La pagina della visitazione e il cantico di Maria sono inseriti nel percorso dell’avvento, mentre stiamo per celebrare la solennità dell’Immacolata Concezione. Nella grande festa mariana sarà proclamato il vangelo dell’annunciazione che si collega strettamente alla pagina della visitazione di Maria a Elisabetta e al cantico del Magnificat.

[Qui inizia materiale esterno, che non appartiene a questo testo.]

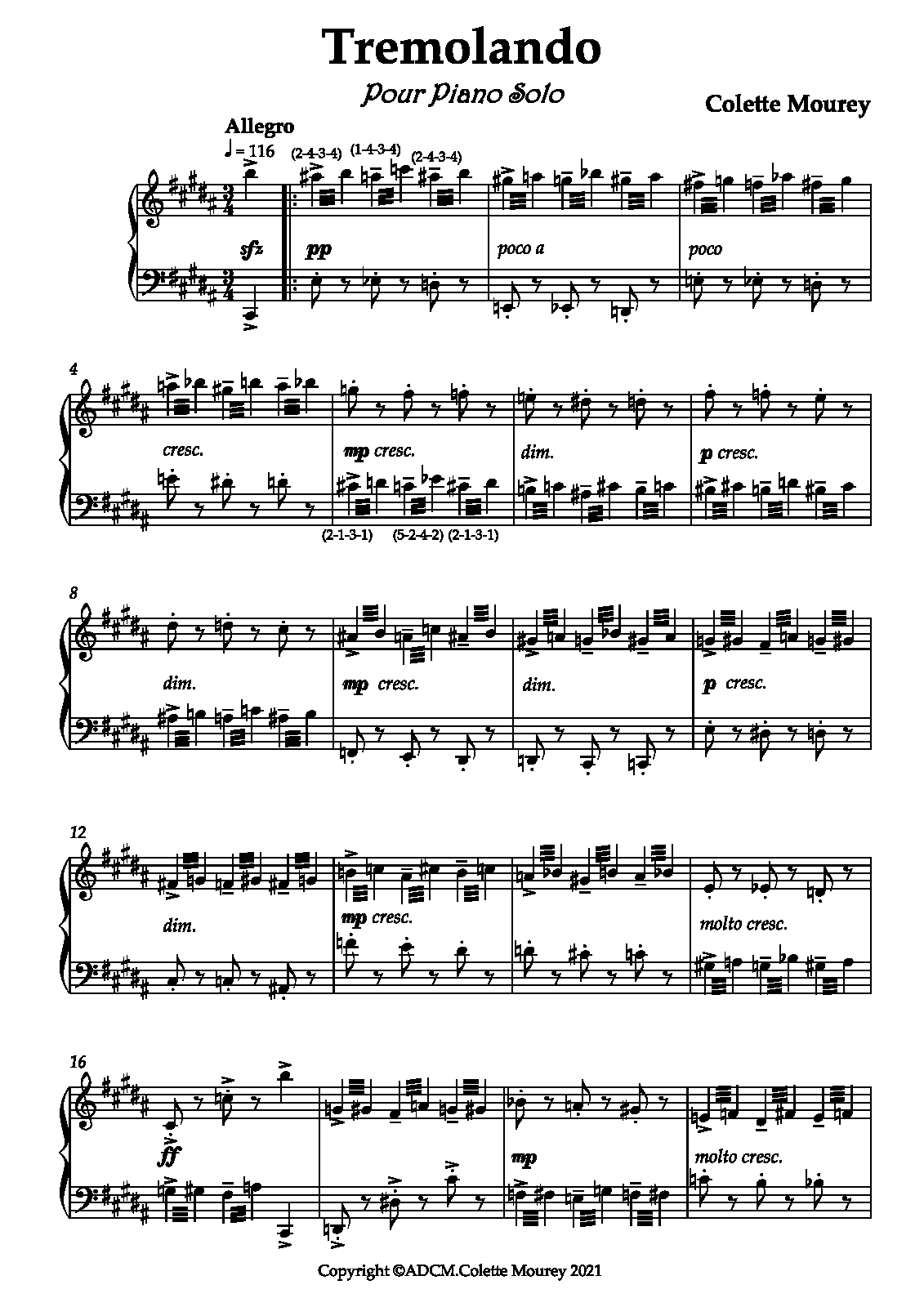 Étude Technique (tremolando "leggiero" combinant trois/quatre doigts différents et thème médian polyphonique à la rythmique irrégulière) ; et Pièce de Concours.

Il dialogo tra le due donne diventa una rivelazione e un’esperienza di fede. Maria è denominata con due aggettivi benedetta e beata. Si tratta di due affermazioni che collocano la vergine nel progetto di Dio. La scena presenta l’incontro tra due madri, simboli delle due alleanze: Elisabetta rappresenta l’anzianità della prima alleanza e Maria la novità della Nuova alleanza.

La speranza di Israele viene realizzata: Dio ha fatto meraviglie nella vergine Maria e sarà lei la madre del Salvatore, la benedetta tra tutte le donne. Elisabetta compie un grande atto di fede. Ciò che sembrava impossibile agli occhi degli uomini è divenuto possibile per Dio. La beatitudine della fede è applicata a Maria: beata colei che ha creduto nel compimento. Dio porta a compimento la promessa messianica: la Vergine concepirà e partorirà un figlio, l’Emmanuele.

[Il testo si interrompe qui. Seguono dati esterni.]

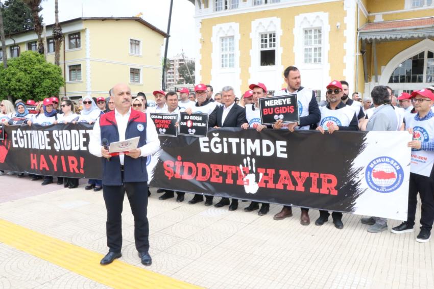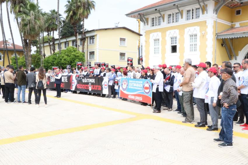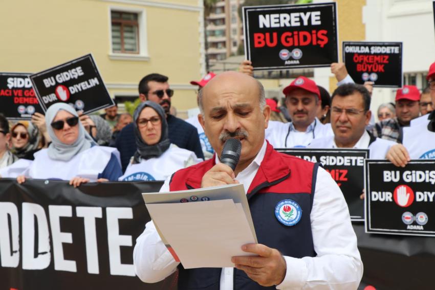 Geniş katılımlı eylemde okunan basın açıklamasında eğitimcilerin can güvenliğine dikkat çekildi. Kalabalık grup adına açıklamayı yapan Eğitim-Bir-Sen Adana Şube Başkanı Mustafa Sarıgeçili, şiddetin eğitim yuvalarını rehin aldığını belirterek yetkilileri acil önlem almaya çağırdı.

La nostra pagina ci prepara al Natale ormai alle porte: vivere l’incontro con Elisabetta significa portare la Novità del Vangelo a coloro che sono in attesa di Dio. Maria è la donna che ha creduto! Credere in Dio significa fare esperienza delle sue meraviglie. Per questo motivo l’affermazione della fede produce la lode del Magnificat, e diventa un autentico canto di fede. L’inno di Maria diventa un programma di vita, una delle pagine più alte e profonde della Bibbia.

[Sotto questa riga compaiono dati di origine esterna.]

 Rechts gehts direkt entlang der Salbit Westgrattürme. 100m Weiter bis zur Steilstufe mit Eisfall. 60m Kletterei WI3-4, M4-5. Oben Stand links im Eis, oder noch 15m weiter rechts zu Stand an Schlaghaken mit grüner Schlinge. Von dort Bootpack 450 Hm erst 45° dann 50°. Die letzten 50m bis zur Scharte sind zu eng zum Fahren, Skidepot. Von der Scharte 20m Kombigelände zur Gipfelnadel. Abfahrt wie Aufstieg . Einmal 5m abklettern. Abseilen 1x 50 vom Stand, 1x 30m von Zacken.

Bisogna far diventare questa pagina la magna carta della vita del cristiano. Maria è l’immagine della prima redenta dal Signore, colei che accoglie e dona il Figlio all’umanità. La Vergine sceglie la via maestra del servizio. Le due donne, immagini dell’Antico e del Nuovo Testamento, sono in attesa di un compimento. Ci insegnano a saper aspettare nella speranza del Dio che viene!

La maternità di Elisabetta è il segno che rivela come la sterilità può diventare fecondità secondo le promesse di Dio. Questo accade nella logica della fede. Oggi si sente l’esigenza di riscoprire il ruolo profondo della femminilità e della maternità. Quale messaggio può venire da queste parole per noi?